Improving LLM IDCT by scaled coefficients

© Attila Tarpai

Results

Using any of these scaling vectors the number of multiplications can be reduced to 6 in the LLM 1D transform:

v = (1, η, β, γη, 1, γη, α, η)
v = (1, δ, β, γδ, 1, γδ, α, δ)
v = (1, θ, β, γθ, 1, γθ, α, θ)
v = (1, ε, β, γε, 1, γε, α, ε)

LLM method

LLM 1989 (C. Loeffler, A. Ligtenberg, and G. S. Moschytz, Practical fast 1-D DCT algorithms with 11 multiplications)

LLM factorization uses 7 irrational constants and 11 multiplications for the 8-point 1D transform. The 1D transform is a linear transformation (this will be important later), computes 8 outputs from 8 inputs:

                          linear transformation
0  1  2  3  4  5  6  7     ------------------->       0' 1' 2' 3' 4' 5' 6' 7' 

This transform function is called 16 times for the 8x8 block: 8 row- and 8 column-transforms. To implement the IDCT with only one function(1), transformed results of one row are written transposed through a temp-block (T '). F.ex. elements of the first row of the block wander like this:

0  1  2  3  4  5  6  7                   0  .  .  .  .  .  .  .              0  1  2  3  4  5  6  7
.  .  .  .  .  .  .  .                   1  .  .  .  .  .  .  .              .  .  .  .  .  .  .  .
.  .  .  .  .  .  .  .     8 x 1D        2  .  .  .  .  .  .  .   8 x 1D     .  .  .  .  .  .  .  .
.  .  .  .  .  .  .  .    --------->     3  .  .  .  .  .  .  .  --------->  .  .  .  .  .  .  .  .
.  .  .  .  .  .  .  .       row         4  .  .  .  .  .  .  .   column     .  .  .  .  .  .  .  .
.  .  .  .  .  .  .  .                   5  .  .  .  .  .  .  .              .  .  .  .  .  .  .  .
.  .  .  .  .  .  .  .                   6  .  .  .  .  .  .  .              .  .  .  .  .  .  .  .
.  .  .  .  .  .  .  .                   7  .  .  .  .  .  .  .              .  .  .  .  .  .  .  .
         T1                                         T'                                   T2

(1) By writing separate row- and column-transform functions there are even more possibilities optimizing the IDCT.
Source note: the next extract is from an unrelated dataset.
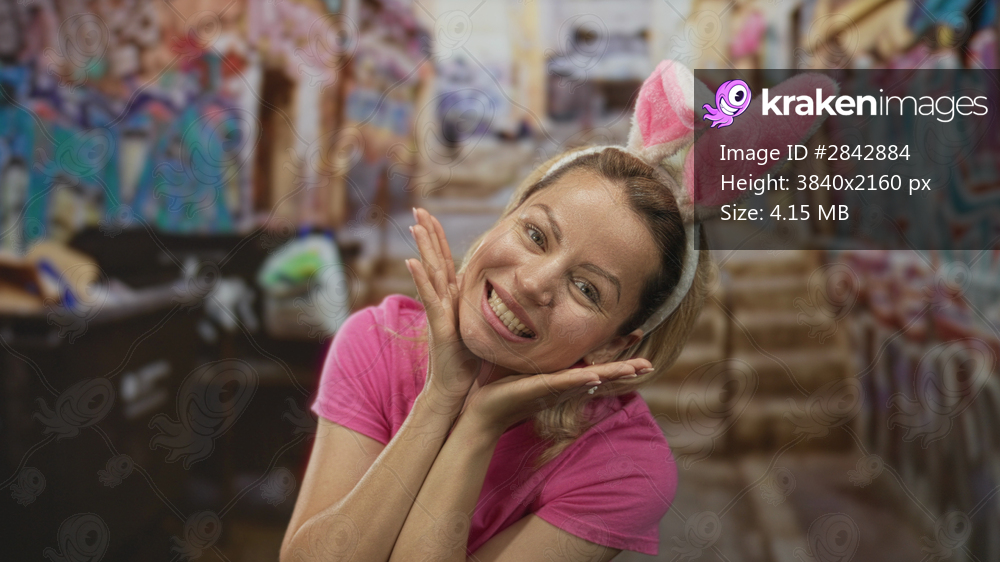 Woman wearing bunny ears headband and pink shirt frames face with hands on colorful graffiti street; playful joy.

Passing a cleverly scaled block to the IDCT gives opportunities to decrease the complexity of computations inside the 1D transform function.

How the scaling matrix works

I've been thinking how to get rid of the √2 multiplication of x3 and x5 inside the LLM 1D-transform.

    +-------------+                                     +----------+         
x0 -|---->       -|-->                           x0 ----|->       -|-->      
x1 -|---->       -|-->                           x1 ----|->       -|-->      
x2 -|---->       -|-->                           x2 ----|->       -|-->      
x3 -|-√2->       -|-->       --->              √2x3 ----|->       -|-->
x4 -|---->       -|-->                           x4 ----|->       -|-->      
x5 -|-√2->       -|-->                         √2x5 ----|->       -|-->
x6 -|---->       -|-->                           x6 ----|->       -|-->      
x7 -|---->       -|-->                           x7 ----|->       -|-->      
    +-------------+                                     +----------+         
        original                                         simplified

The solution uses scaled inputs: that is x3 and x5 entering the 1D-transform every time are already multiplied by √2.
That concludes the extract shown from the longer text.